「焼き菓子の売れているパティスリーのフール・セックとドゥミ・セック」大人気店のレシピだけでなく、売り方やこだわりが詳細に!独立を目指すパティシエへの指南書です。おすすめです!

この本の内容を簡単にまとめると

  • 大人気店のオンパレード!10店もの豪華ラインナップです。
  • オリジナリティー溢れるレシピは唯一無二のものばかり。
  • 売れるための工夫やこだわりを詳細に伝えてくれています。ここまで伝えてしまっていいのか!
  • これから独立を考えている方は必読!そうでない方もこの本を読んだらますますお店のファンになりますよ。
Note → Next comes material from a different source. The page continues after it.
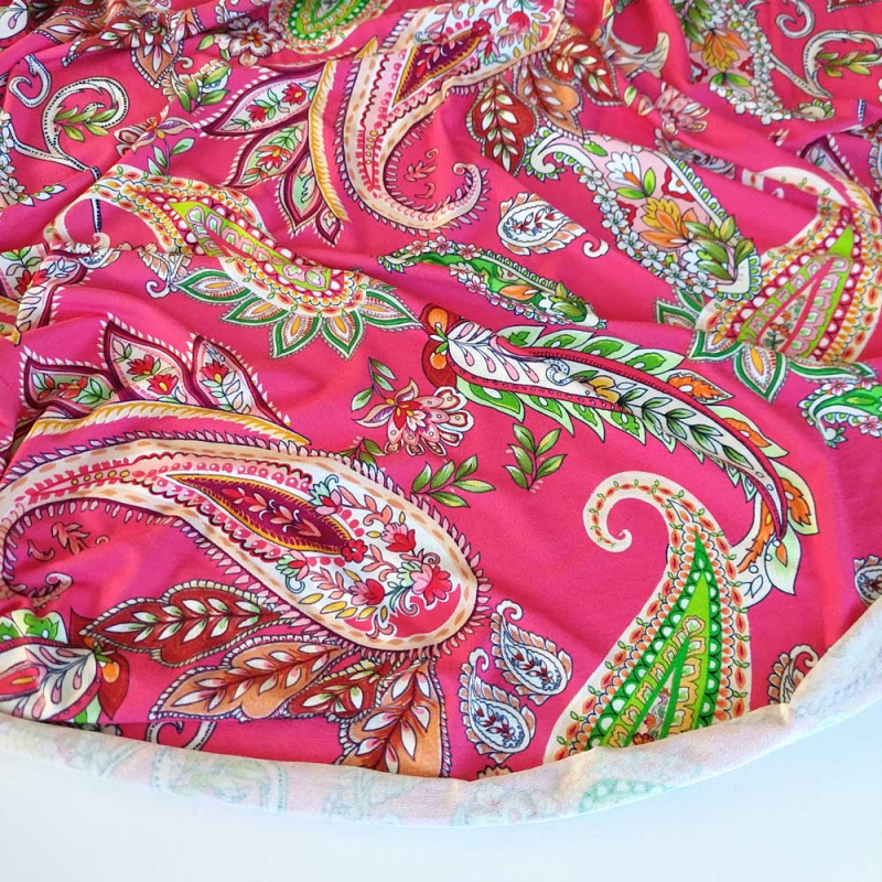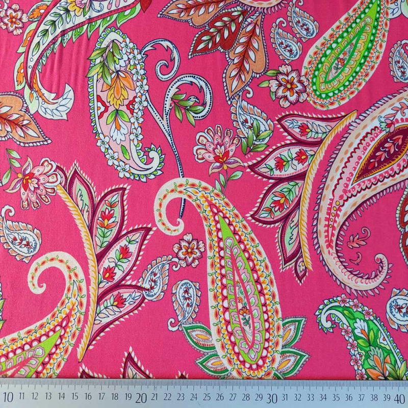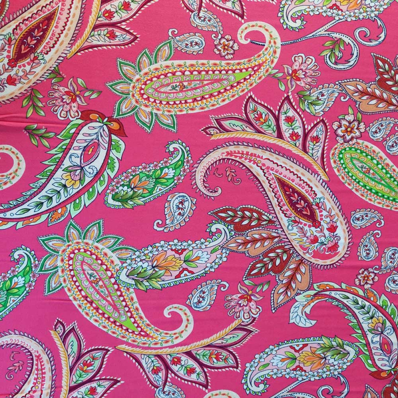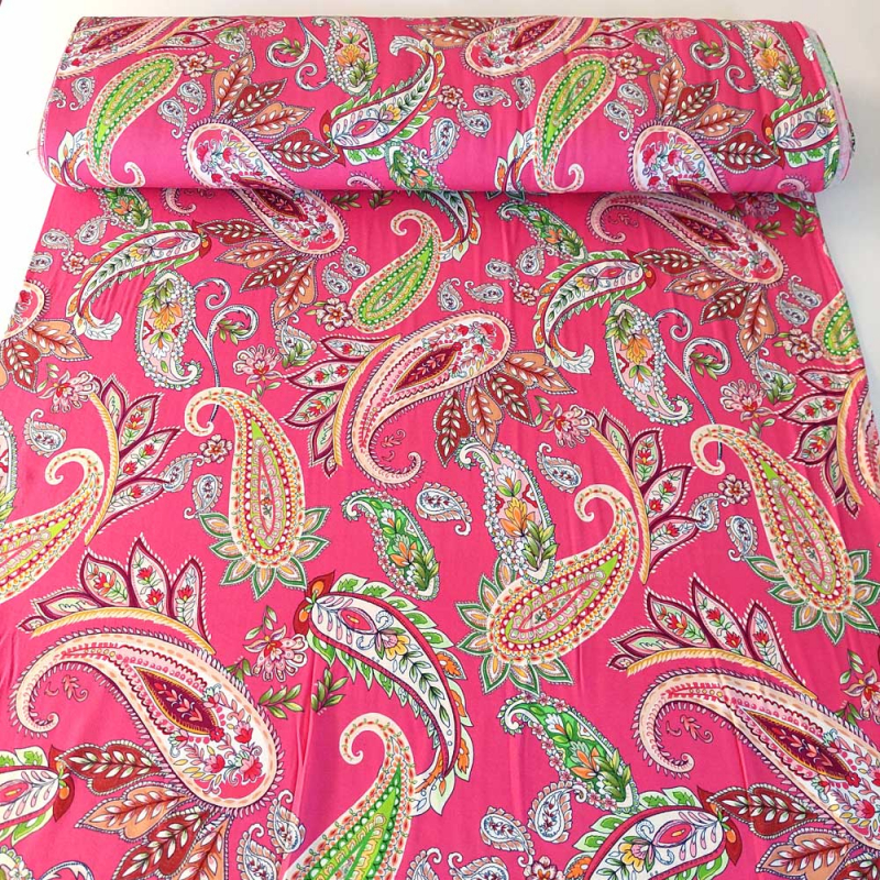 Ein weich fließender, koralle-roter Viskose Jersey Stoff bedruckt mit limegrün, weinrot, weißem Paisleymuster. Der elastische Jerseystoff ist weich im Griff und fällt wunderbar locker. Die Stoffrückseite ist unbedruckt, d.h. weiß.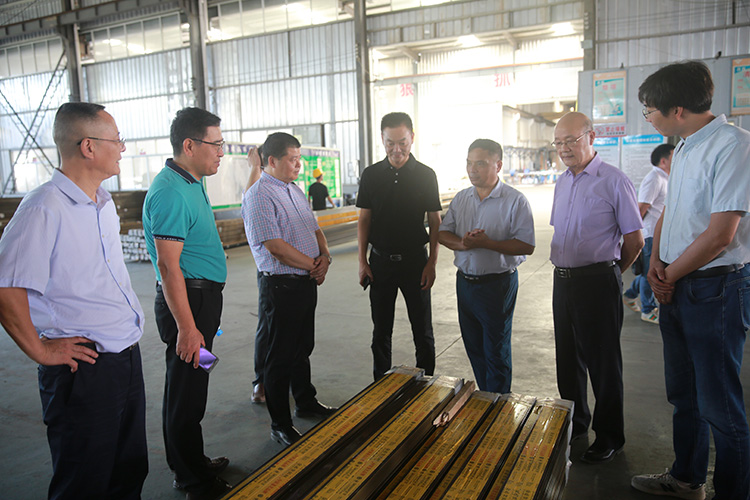 In the morning, leaders and experts of Shanghai Aluminum Association, accompanied by Chairman Peng Baotai of Baotai Group, visited the phosphorus copper ball workshop, vertical spraying workshop, aluminum profile workshop, aluminum alloy ingot workshop, intelligent doors and Windows exhibition hall, copper bar workshop. During the visit, Chairman Peng Baotai introduced the production situation and production process of each workshop in detail.

「焼き菓子の売れているパティスリーのフール・セックとドゥミ・セック」基本情報は?

焼き菓子の売れているパティスリーのフール・セックとドゥミ・セック 10店のレシピと差がつく売り方

柴田書店・編集

掲載店

リリエンベルグ…横溝春雄
ラ・ヴィエイユ・フランス…木村成克
メゾン・ド・プティフール…西野之朗
ラトリエモトゾー…藤田統三
ドゥブルベ・ボレロ…渡邊雄二
ロートンヌ…神田広達
ブロンディール…藤原和彦
パティスリー ルシェルシェ…村田義武
リョウラ…菅又亮輔
エクラデジュール パティスリー…中山洋平

2017年7月3日発売

柴田書店発行

¥2、500+税(税込¥2,700)

全151ページ

さすが柴田書店、よくここまで大人気店を揃えることができたな!と感嘆します。
各お店のフール・セック、「いわゆる一口で食べられる焼き菓子」とドゥミ・セック、マドレーヌやフィナンシェのような「しっとりとした焼き菓子」のレシピがメインですが、注目すべきは+アルファの部分。
ギフト包材や売り方のこだわり、レシピのオリジナリティーな点、さらには売り上げ比率や客単価、平均客数まで公開されています。ここまで公開してしまっていいんですか?とびっくりしますが、公開しても大丈夫、という自信と実績、オリジナリティーをお持ちなんだろうなと各シェフへの尊敬の念がますます深まりました。

レシピの特徴は?

レシピはフール・セックドゥミ・セック2つのパートに分かれています。

分量は実際に現場で仕込まれている量です。大量のものから最低量のものまで各店によって異なりますが、家庭で作るのにはやや多いです。仕込みにはほとんどスタンドミキサーや縦型ミキサーを使っています。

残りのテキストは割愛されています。